Well thanks for you for sharing. I would be interested in learning more on the subject. In terms of an Elliot Wave Count not being an edge; I would obviously disagree. The best trades that I have found have multiple edges that all point in the same direction and at the same time. When your Elliot wave count lines up with a significant cycle amid new developing fundamentals; you likely have yourself a massive directional play. The difficult part is patiently waiting for these setups. Sorry but I didn't forecast the Eur/Usd reversal 10 days in advance this month on blind luck!
Variance. You can call a trade "in advance" within the likely peak to trough stat-vol and it may be accurate... because it's likely to occur.
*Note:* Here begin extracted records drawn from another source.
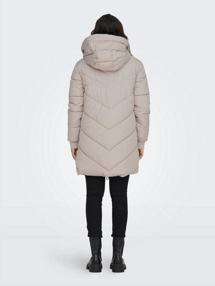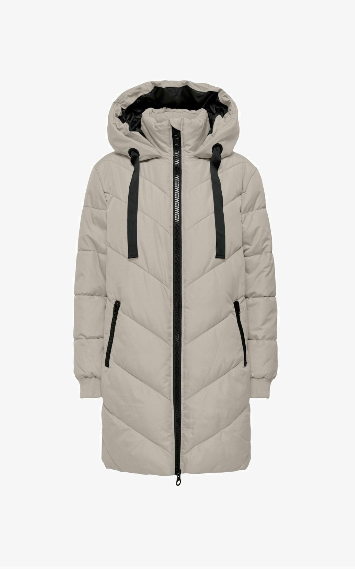 Abrigo largo con capucha, bolsillos con cremallera, mangas terminadas en puño de punto, cremallera doble,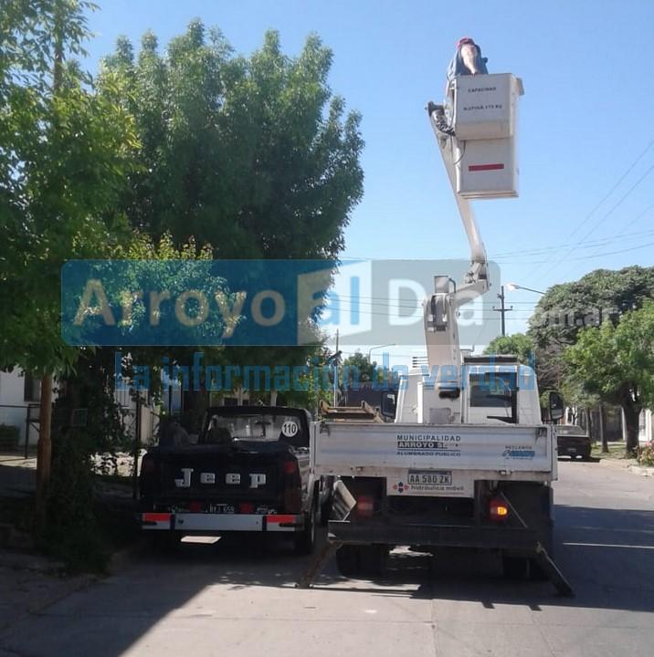 Personal de la Secretaría de Obras y Servicios Públicos, dependiente del Gobierno Municipal, desarrolla tarea de reparación en el servicio de alumbrado público en diversas calles.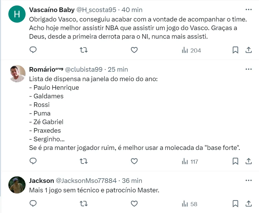 “Pelo andar da carruagem, existem apenas três vagar para a Série B 2025. Pois uma parece já ser do monumental Vasco da Gama, de pífios resultados neste pontapé inicial do Brasileirão”, disse o comunicador em sua coluna no UOL Esporte.

Post one of these 10-day predictions here and I'll comment on the running stat-vol.
Great as I would love some volume confirmation....I have never had the luxury of using volume in FX as I don't have a reliable volume source so all my analysis is strictly price. I get away with it as I can find balance points on multiple time frames and I know where the volume concentration levels will naturally be. I don't use EW or see EWs in the flat traditional way as that has never worked for me. I do use the basic EW rules and use the quantifiable Fib ratios to qualify the wave sequence.